→ **Required work**:
Copy out each line of the listing below that contains the word "China".
================================
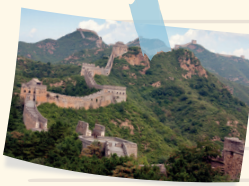
The Great Wall of China

A super long wall in China that was built a really long time ago to protect against enemies. I spent five hours to see it. It's the most amazing place I have ever seen.
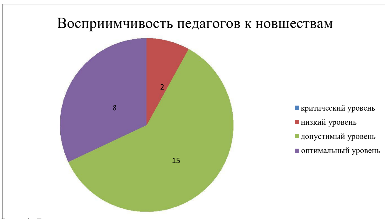
Рис. 1. Восприимчивость педагогов к новшествам

Результаты представлены на диаграмме (рис. 1).
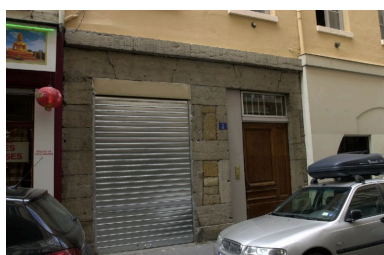
Façade principale rue de la Poulailleterie, partie non transformée du 1er niveau et entrée IVR82_20046900769NUCA
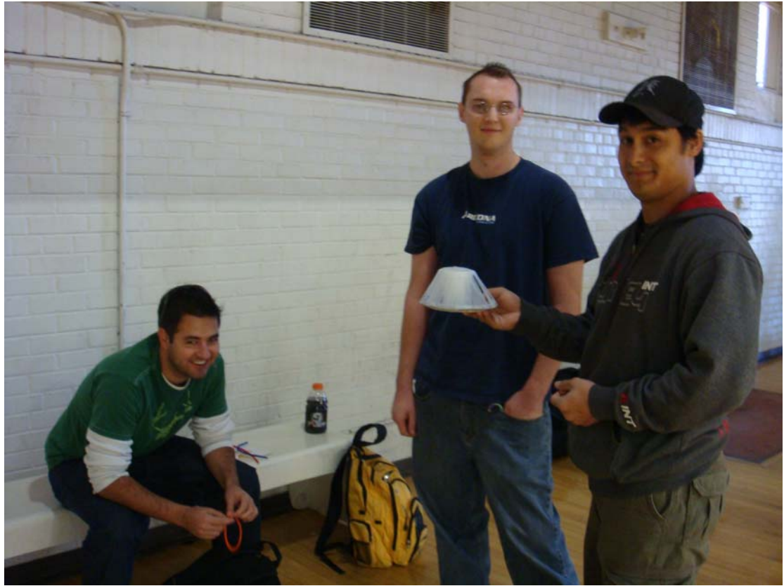
上課分組的隊員<製作小道具>
================================
→ **Answer box**:
The Great Wall of China
A super long wall in China that was built a really long time ago to protect against enemies. I spent five hours to see it. It's the most amazing place I have ever seen.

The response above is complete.